DXR Query Language Refresh
The upcoming refresh of DXR's query language will make improvements to brevity, memorability, and compactness. This document represents our eventual goal. This will probably land a little at a time.
Contents
Simple Searching
Entering plain text searches the code and pathnames. Each word is taken as a separate substring to match, and the substrings are and-ed together on a per-line basis.
To exclude lines matching a word, precede the word with "-".
Filters
Other, more specific search filters are also available:
- path
- Pathname with shell-style globbing
- fn (or fun or func or function?)
- Definitions or declarations of a function with the given prefix
- fn-ref
- Uses of a given function
- re
- (or regex: or regexp: : Regular expression
- member
- Find member functions of a class (or struct?).
- id
- Identifier of any kind (maybe not necessary if we do search ranking better)
- ref
- A reference to any kind of identifier
- caller or callers
- Functions that call a given function
- called-by
- Functions called by a given function
- type
- The definition or declaration of a given type
- type-ref
- Uses of a given type
- var
- Definitions or declarations of a variable
- var-ref
- Uses of a given variable
- namespace
- Definition or declaration of a namespace
- namespace-ref
- Uses of a namespace
- namespace-alias or namespace-alias-ref
- Should these merge into the above?
- macro
- Definition or declaration of a macro
- macro-ref
- Use of a macro
- subclass or sub
- Subclass of a class
- superclass or super
- Superclass of a class
- warning
- Compiler warnings?
- warning-opt
- More compiler warnings?
Again, query terms are and-ed together and matched against individual lines of the codebase, like grep's single-line mode. This query, for example, finds all the lines from ``.h`` files containing the words "big", "angry", and either "hamster" or "hippo".
path:*.h big angry re:hamster|hippo
You can negate a filter by preceding it with "-":
-path:*.cpp -path:*.c fn:foo
Let's try to standardize with https://code.google.com/p/chromium/codesearch as much as possible.
Obsolete
- `ext:` goes away. It's covered by `-path:*.c`
- `*-decl:` goes away until somebody asks for it. It's merged into `*`.
To Be Determined
- a way to express case-sensitivity. Possibilities include quotes and +.
More Explicit Operators
Some people expect runs of barewords to be treated as phrase matches. Here's how we could do that.

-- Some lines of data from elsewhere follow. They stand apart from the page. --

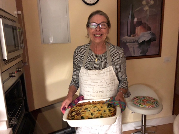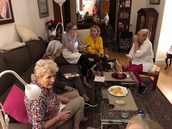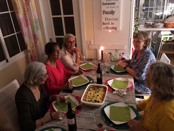 Och under tiden var farmor ute och roade sig! Jag samåkte med Ann ner till San Agustin där alla nya och gamla medarbetare var bjudna på middag i prästgården. ” i all enkelhet” hade Eva sagt, men jag vet inte vari enkelheten bestod för det var en helt underbar middag. Först en välkomstdrink medan vi samlades, därefter en förrätt med melon och skinka. Huvudrätten bestod av ugnsbakad lax med sallad och god sås och det hela avslutades med kaffe och en underbar nötkaka. Under efterrätten skulle alla bidraga med något minne från sin tid på kyrkan. En fantastiskt trevlig kväll.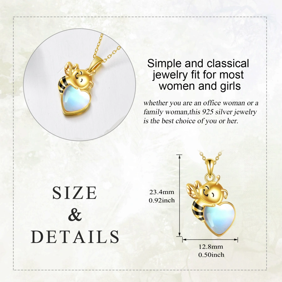 14K Gold Moonstone Bee & Heart Necklace for Women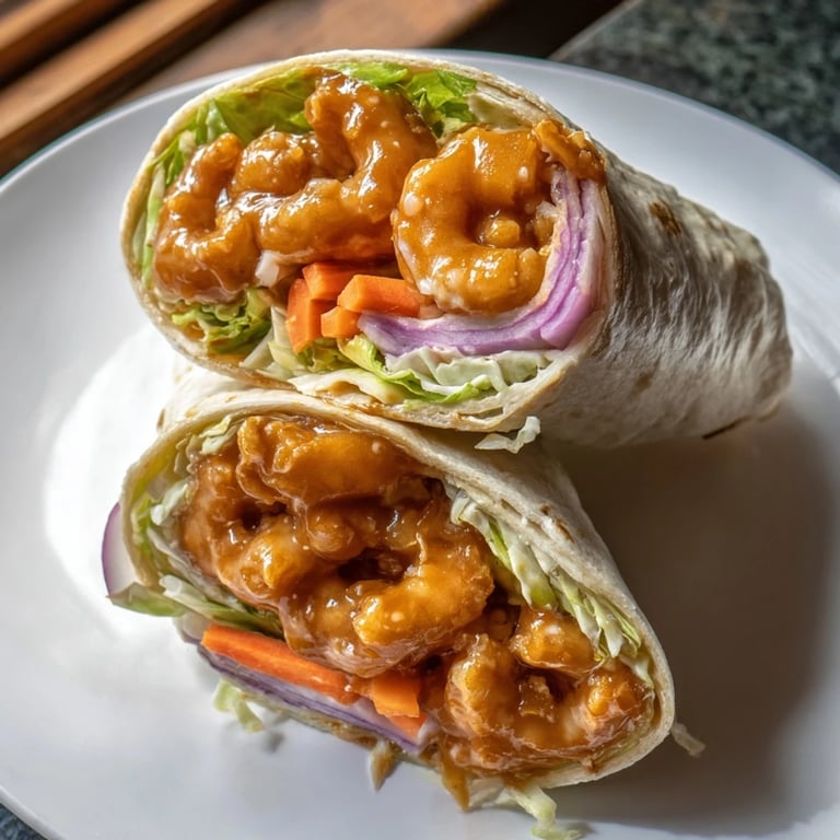 Save Plump shrimp tossed in spicy buffalo sauce, wrapped with crisp lettuce, creamy ranch, and tangy vegetables for a zesty, satisfying meal.

Take any continguous sequence of text: filters to be a single string. Otherwise, AND everything.
For example... ::
three blind mice path:*.c def
…would search for "three blind mice" AND path:*.c AND "def".
You can go back to the old behavior by saying explicitly... ::
three AND blind AND mice
Maybe we could even do… ::
mice IN fn:main
…or… ::
fn:frob IN type:Frobulator
Quoting and Escaping
To do phrase matching or include spaces in a term, use single or double quotes. Doubles can contain singles, and vice versa. You can also backslash-escape them.
"big, bad wolf" 'That "wolf" is a hamster.' 'Don\'t call my wolf a "hamster".' re:"big old|great big" -"not this phrase"
You can use a literal quote without enclosing it in other quotes, as long as it isn't a leading one:
path:/users/erik's/*.py
What of backslashes in unquoted strings and preceding things other than quotes?
- In a quoted string, a backslash before a quote of the same type is an escaper. Otherwise, it's a literal backslash.
"one long \"quoted\" string" "literal \backslash" "\\" is backslash-quote"
- Later, we may let backslashes in unquoted strings escape spaces:
one\ long\ string
These rules are akin to common shell syntax and designed so you don't need to plan ahead (or backtrack) when typing a query.
See Also
GitHub's issue query language might provide some inspiration.